Kinar masih ragu untuk mengatakan hal yang sebenarnya kepada ibunya itu. Dia takut ibunya akan terluka saat mengetahui yang sesungguhnya.

"Akh ... lama kamu. Biar Ayah saja yang mengatakannya kepada Ibumu itu," ucap Heru. "Jadi sebenarnya begini Kiran, kamu pasti tidak akan percaya mendengar kata-kataku ini. Tapi itulah kebenaran yang sesungguhnya. Apapun yang aku katakan, itu adalah kebenarannya. Aku juga sangat yakin bahwa kamu pasti akan terluka dan kecewa setelah kamu mengetahui hal itu. Tapi tetap saja aku harus mengatakan hal ini padamu. Kamu perlu mengetahui yang sesungguhnya," ujar Heru.
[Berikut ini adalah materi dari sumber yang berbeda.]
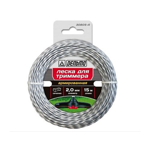 Леска для триммеров армированная, 2 мм, 15 м, витой квадрат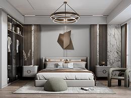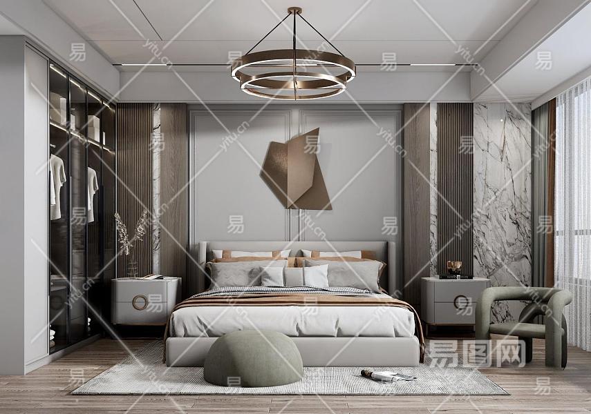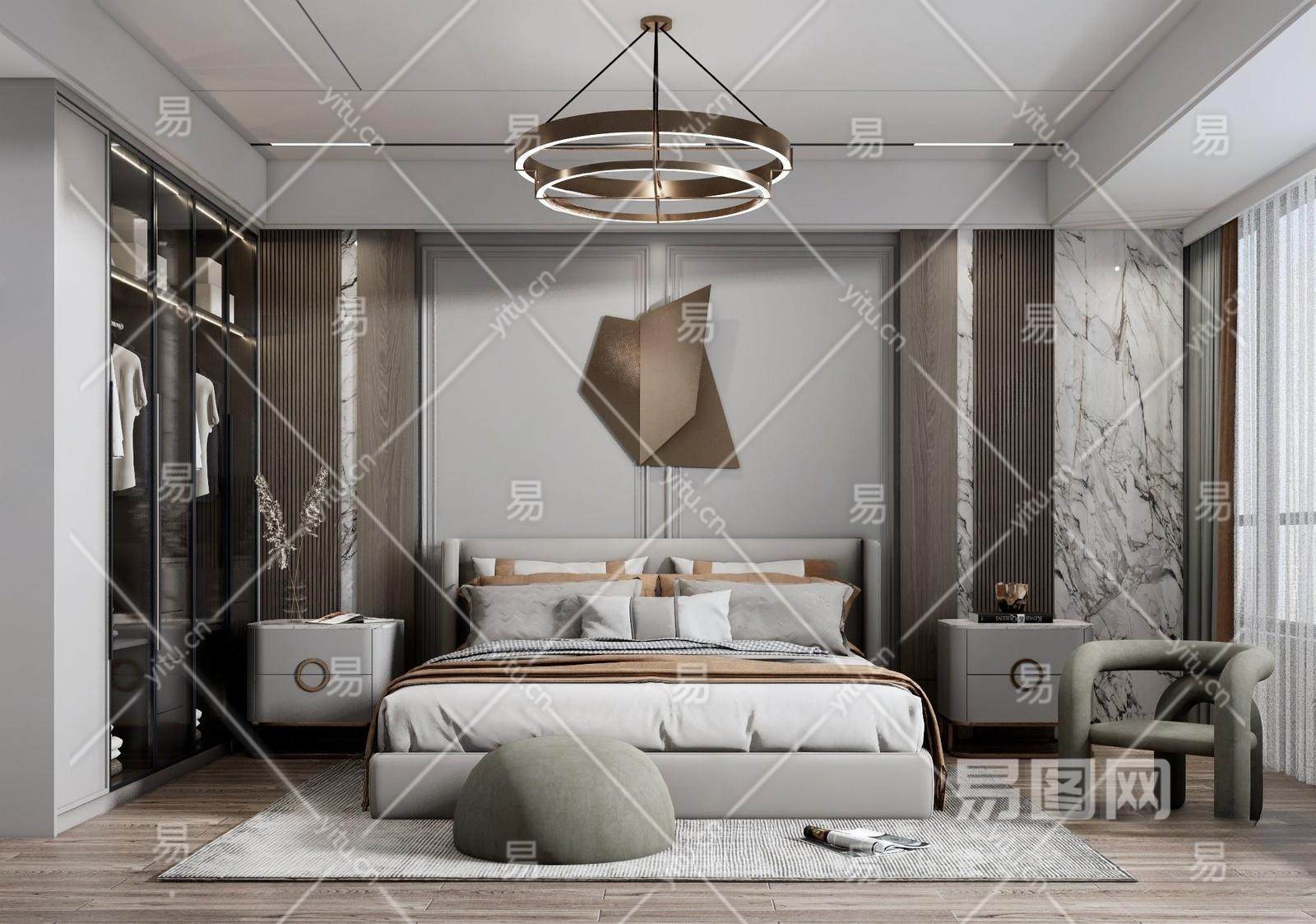 现代卧室 双人床 床头柜组合 墙饰 衣柜 吊灯 摆件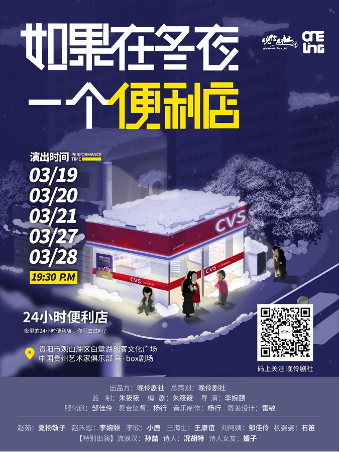 晚伶剧社旗下,有一个导演找不到角色、编剧写不出东西的剧组。他们因为执念,非要排演一出名为《如果在冬夜,一个便利店》的话剧,将于3月19日、20日、21日、27日、28日在贵阳中国贵州艺术家俱乐部 乌·box剧场上演。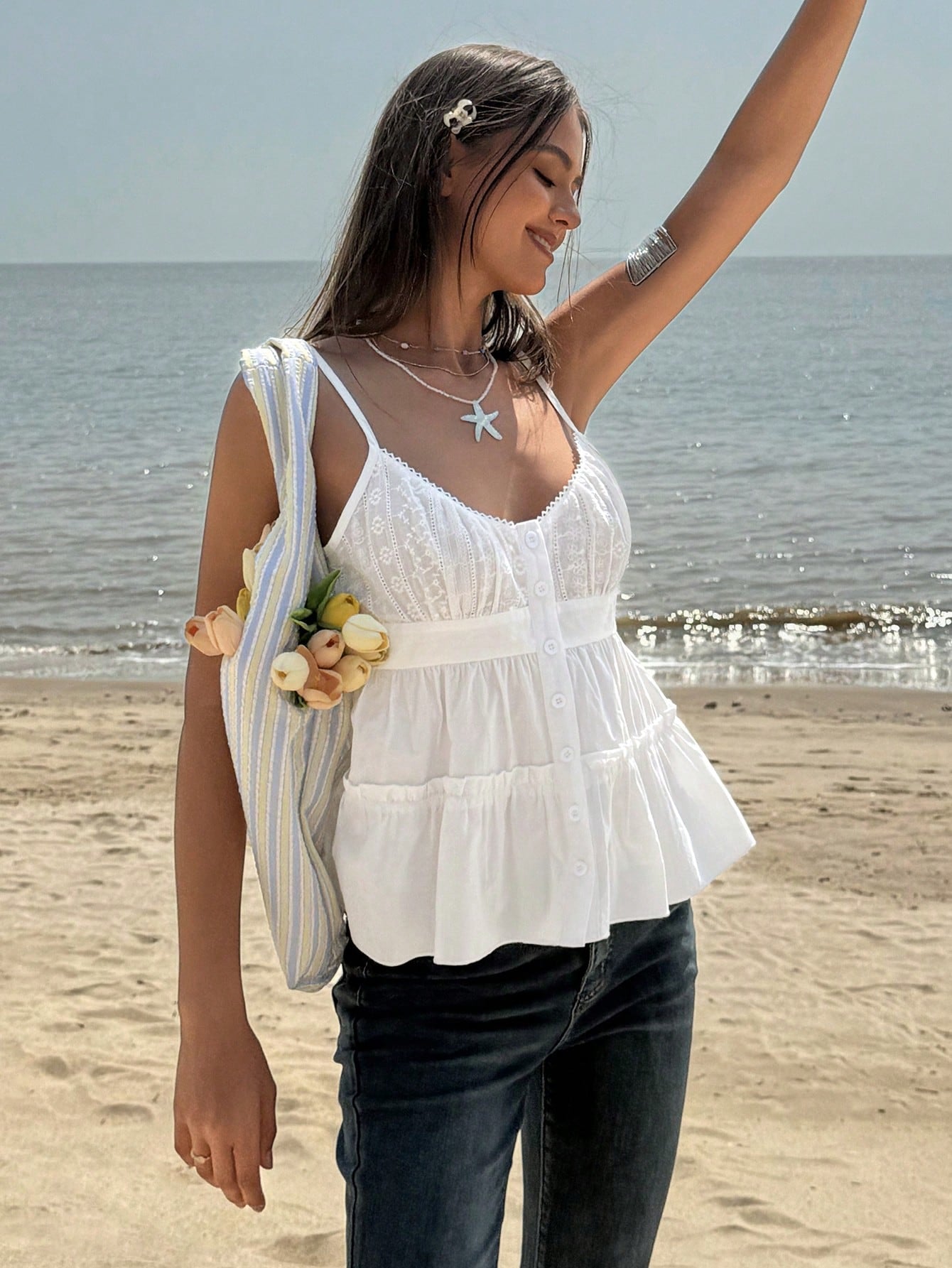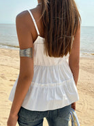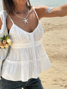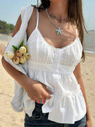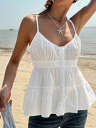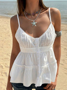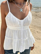 Jouncy 1pc Women's Casual Solid Color Embroidery Patchwork Cami Top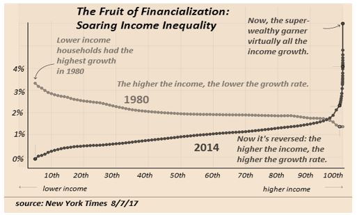 With this idea in mind we are pretty certain that UBI will come to the forefront this year and the years to come. Universal Basic Income will become the central banks acquiescence to the commoners to subvert the torch and pitch forks. Although the yellow vests in Europe continue to impede and cause distress for the elites. The western media blackout of all this is a testament to their will to squash any contagion. What do we mean by income inequality driven by years of Central Bank handouts…this next visual should help: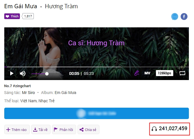 Em gái mưa hiện đạt hơn 241.000.000 lượt nghe.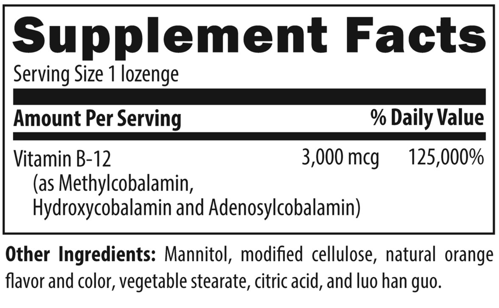 Tricobalamin™ lozenges provide a synergistic combination of the three bioavailable forms of vitamin B12, as methylcobalamin, hydroxycobalamin, and adenosylcobalamin. These three forms of B12 are naturally present in foods and can be readily converted in the body to the active intracellular forms of B12. Tricobalamin™ lozenges are formulated to support healthy levels of vitamin B12, with their lozenge delivery system allowing for optimal absorption of B12.
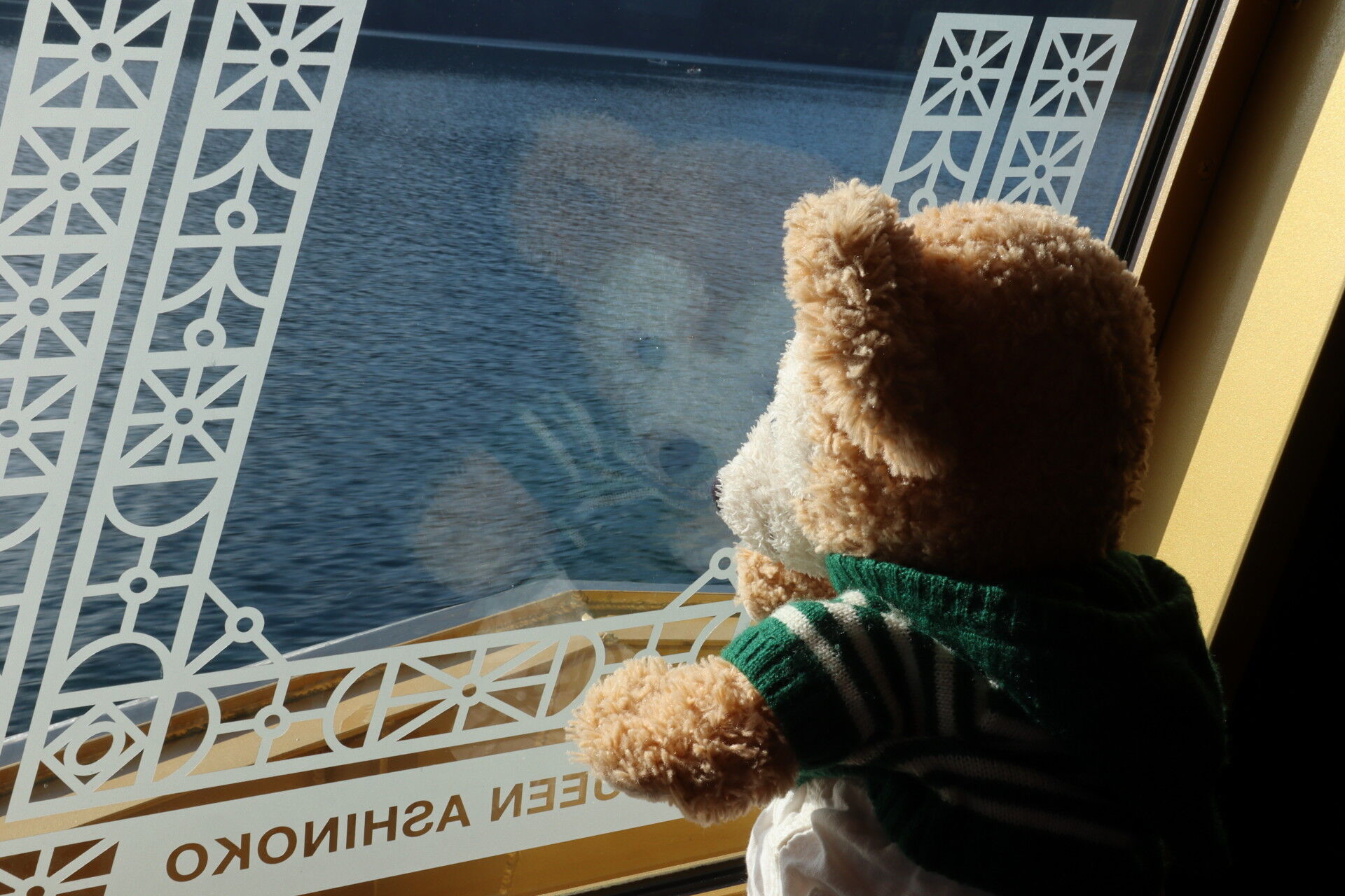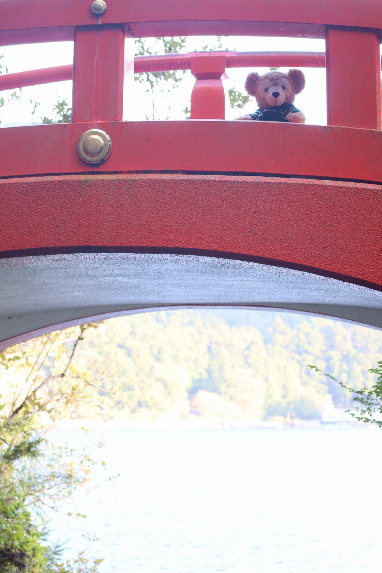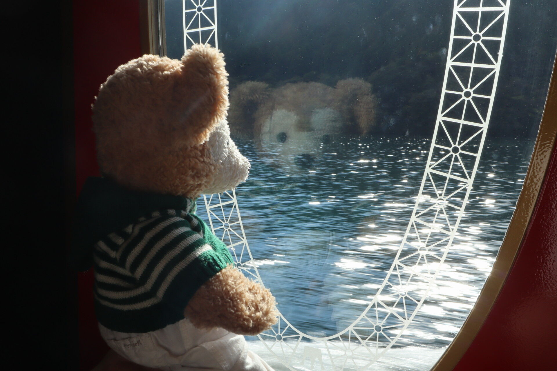 水面のきらめき。ダッフィーは写り込ませて表情を見せるけど自分たちは隠れる光の配置が難しい。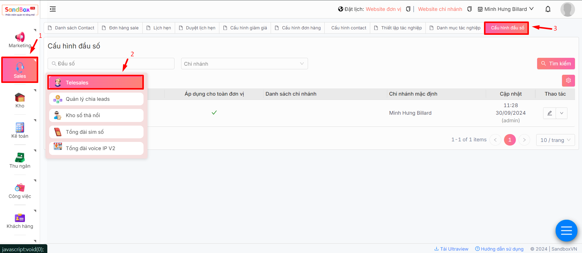 1. Sau khi đăng nhập thành công, chọn **Sales** -> chọn **Telesales** -> chọn tab **Cấu hình đầu số**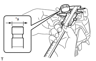 | (a) Using a vernier caliper, measure the length of the exposed brushes. Standard Exposed Brush Length: 9.5 to 11.5 mm (0.374 to 0.453 in.) Minimum Exposed Brush Length: 4.5 mm (0.177 in.) If the brush length is less than the minimum, replace the generator brush holder assembly. |

"Apa? Cepatlah katakan! Jangan buat aku semakin penasaran saja," ucap Bu Kiran.

"Putrimu ini," tunjuk Heru ke arah Kinar. "Dia bukan anak baik!" celetuk Heru.

"Apa?" kaget Bu Kiran.

'Apa ini? Mengapa Ayah langsung berucap seperti itu? Ini bukan kebenaran yang sesungguhnya'. Batin Kinar.

"Tidak, Ibu! Itu bukan kebenarannya," bantah Kinar.

"Diam kamu, Kinar! Kamu tidak perlu membantah lagi. Ibumu juga harus tahu," ucap Heru.

"Tapi itu bukan kebenaran yang sesungguhnya," ucap Kinar.

"Lalu apa yang benar? Apa tentang kamu yang menjadi seorang wanita pekerja di tempat hiburan? Tugasmu menemani para pria hidung belang yang tengah minum-minum? Iya, itu yang sesungguhnya? Atau kamu yang sering disentuh oleh mereka?" sungut Heru.

"Apa?" kaget Bu Kiran. Dia benar-benar syok mendengar kata-kata Heru.

"Kinar, apa itu benar, Nak? Apa yang telah ayahmu katakan itu benar? Apa kamu bekerja seperti itu, Sayang? Katakan pada Ibu, Nak! Cepat katakan!" titah Bu Kiran.

"Ibu ... Ibu, itu memang benar, Bu," aku Kinar.

"Kiran, kamu ... jadi selama ini kamu mencari uang dengan cara yang salah, Nak? Kamu telah membuat Ibu kecewa, Kinar," ujar Bu Kiran yang membuat Kinar menjadi begitu sedih.

"Ibu, Kinar melakukan itu karena ada alasannya, Bu. Itu bukan keinginan Kinar," ucap Kinar.

'Gawat, sepertinya si Kinar mau mengungkapkan tentang diriku yang telah membuatnya bekerja di sana. Aku harus segera menghentikan ini semua'. Batin Heru.

"Apa? Apa alasannya, Nak?" selidik Bu Kiran.

"Halah, sudahlah, Kiran! Kamu tidak perlu lagi mendengarkan kebohongan apapun juga dari anak tidak tahu diri itu. Dia hanya ingin membuat kamu mempercayai semua kebohongannya," cicit Heru.

"Tidak, Bu! Kinar tidak berbohong. Kinar memang terpaksa bekerja di tempat itu," ucap Kinar.

"Sudah, Kinar. Cukup! Ayo cepat kamu pergi dari sini!" usir Heru.

Heru pun kemudian langsung saja menyered Kinar keluar dari rumah. Saat tiba di ambang pintu, Heru pun dengan cepat langsung melempar tubuh Kinar hingga Kinar terjatuh.

"Mas, apa yang kamu lakukan kepada anak kita?" ucap Bu Kiran yang tiba-tiba saja muncul di belakang tubuh Heru.

"Sudahlah, Kiran. Dia bukan anak kita lagi! Dia sudah membuat kita malu dan juga kecewa. Dia bukan anak baik," cicit Heru.

"Ibu, Kinar bisa jelaskan semuanya, Bu. Tolong dengarkan, Kinar," mohon Kinar.

"Pergi kamu, Kinar! Pergi! Sana pergi!" bentak Heru. "Ayo, Kiran, kita masuk saja. Biarkan anak itu di sana," ucap Heru yang langsung menarik Bu Kiran masuk ke dalam rumah dan langsung menutup pintu rumah.